В округе не было ни одного дельца, который бы доверил Флоре штурвал и свою жизнь, хотя многие, не зная об этом, доверяли ей заботу о безопасности самолета, что не менее важно. Люди забавные, когда речь заходит о том, что им неизвестно. Если они чего-то не видят, значит этого нет. Или оно никак на них не влияет. Но мир ведь работает по-другому, не правда ли? Всюду вокруг нас есть невидимые могущественные силы, и Флора их чувствовала.

Поэтому, несмотря на щедрость капитана, ей пришлось бы годами вкалывать на аэродроме и второй работе, певицей в «Домино», чтобы позволить себе купить личный самолет. «Стэггервинг» стоил тысяч семнадцать. Нужно выиграть что-то вроде кубка Бендикса, чтобы набрать хотя бы на первый взнос. А без собственного самолета кубок не завоюешь.

Как всегда расстроенная от этих мыслей, Флора потянулась к баку на верхнем крыле, вдыхая голубые пары девяностооктанового топлива. Глянув на небо, она нахмурилась. Тучи предвещали грозу. Флора понадеялась, что дождь начнется через час-другой, чтобы ей удалось полетать. Но весеннему небу в Сиэтле никогда нельзя доверять.

Она спрыгнула на гравийную взлетную полосу, обошла самолет и забралась на противоположное крыло, чтобы наполнить второй бак. Заправка всегда отнимала время: сто десять галлонов керосина — это немало, а работники аэродрома горели желанием помочь Флоре не больше, чем желанием увидеть ее в кресле пилота.

Флора проверила застежки на синем парусиновом комбинезоне. Надежно застегнуты. Ее всегда преследовал суеверный страх, что если не застегнуться на все пуговицы, что-то непременно пойдет не так. И хотя Флора не питала иллюзий по поводу собственного бессмертия — однажды всему суждена кончина, — она рассчитывала, что это «однажды» произойдет в далеком будущем. От одной мысли о смерти начинала болеть голова.

Самолет выглядел хорошо, поэтому Флора вручную крутнула пропеллеры, чтобы проверить, не скопилось ли вредящее двигателю масло в нижней паре цилиндров. Удостоверившись, что все в порядке, она открыла дверь по левому борту и забралась в салон, пройдя мимо пары кресел в хвосте. Как всегда перед полетом, голова кружилась, пока Флора шла вперед к манящей приборной панели из полированного дерева.

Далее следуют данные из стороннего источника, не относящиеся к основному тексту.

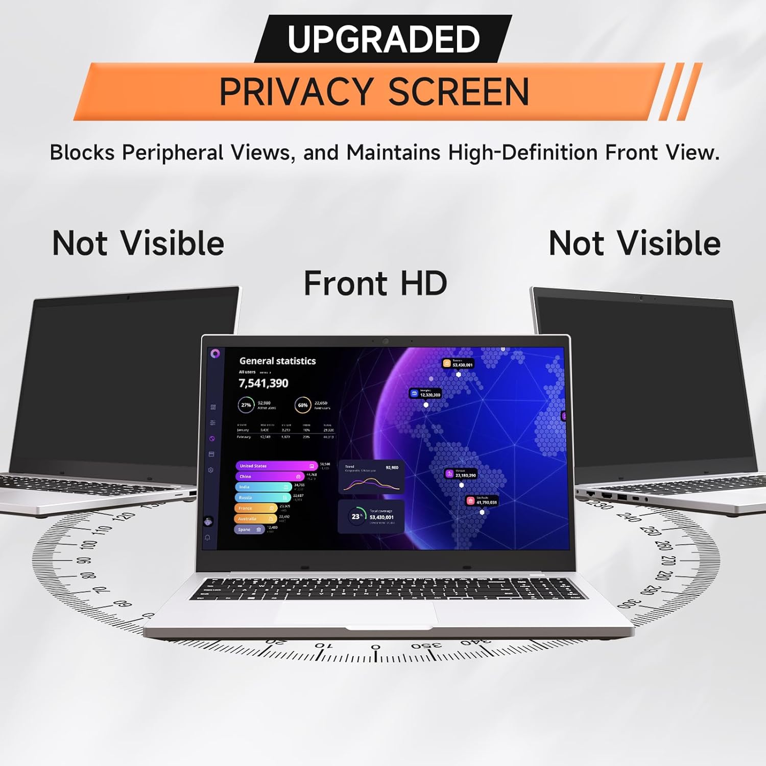 - 【Enhanced Privacy Filter】With unique, ultra-fine microlouver technology, our laptop privacy screen added a layer of security by keeping prying eyes away from password and document info while work around others, in public places, or near customers. A clear vision for you while others see a black screen – it gives you peace of mind knowing that your information and your computer are as safe as possible.
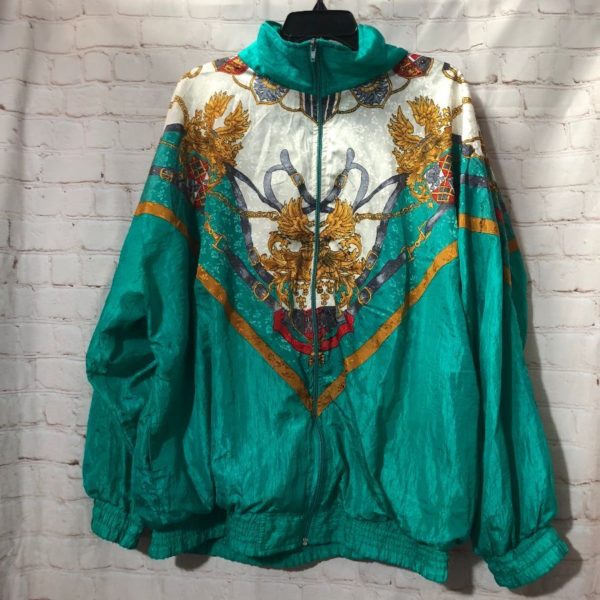 Resort Bay bomber jacket, nylon, zip-up, solid color & Baroque family crest print in a color-block design, teal/white/gold/multi, size XXXL
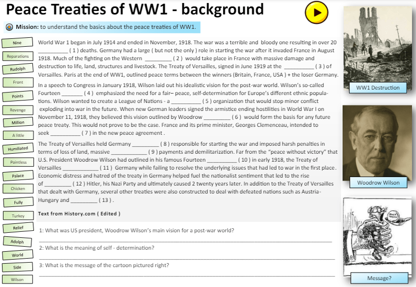 Today you are going to do tasks related to the terms of the Treaty of Versailles, to test your knowledge and understanding….
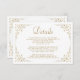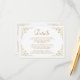 Diese elegante, Vintag inspirierte, formelle Kapselkarte für Hochzeitsdetails enthält den Text in goldfarbenem Drehbuch und Serif-Schriftart, gerahmt durch ein zartes Vintages Goldmotiv. Der Rahmen wird auf der Rückseite wiederholt.
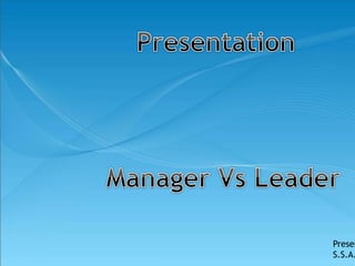 The document compares and contrasts managers and leaders. It states that managers are responsible for planning, organizing, and coordinating work, while leaders inspire and motivate others. Managers focus on systems and structure and have a short-term view, whereas leaders focus on people and have a long-term perspective. The document also outlines the different roles of managers and leaders in planning, organizing, leading, and controlling.

Пристегнувшись, Флора посмотрела в лобовое стекло. Дождь еще не начался, но явно приближался. Она чувствовала, как меняется атмосфера. Поскольку самолет оборудован хвостовым колесом, земли видно не было, но перед заходом в кабину Флора проверила полосу и знала, что она свободна. Один из людей капитана Жирара махнул флажком, и Флора нажала на педаль акселератора. Когда самолет разогнался до сорока миль в час, хвостовое колесо оторвалось от земли и видимость стала лучше. Флора прибавила скорости, и на шестидесяти милях в час самолет взлетел. Еще быстрее, и вот она уже набирает высоту.

Флора улыбнулась. Каждый раз прощание с твердой почвой под ногами ощущалось как чудо. Самолет взлетал все выше, и сила тяжести вызывала тянущее ощущение в животе. Флора взяла курс на юг. Если бы не тучи, она увидела бы гору Рейнир, спящий заснеженный вулкан, который возвышался над городом, словно умный бог. Внизу раскинулось озеро Вашингтон — длинный простор серо-зеленой воды, который формой всегда напоминал ей танцора. Южная часть озера походила на вскинутую вверх руку, а северная — на согнутые колени. Озеро окружали конические дугласовы ели и косматые кедры. А дальше, вдоль извилистых дорог, виднелись крошечные домики и суматошная жизнь.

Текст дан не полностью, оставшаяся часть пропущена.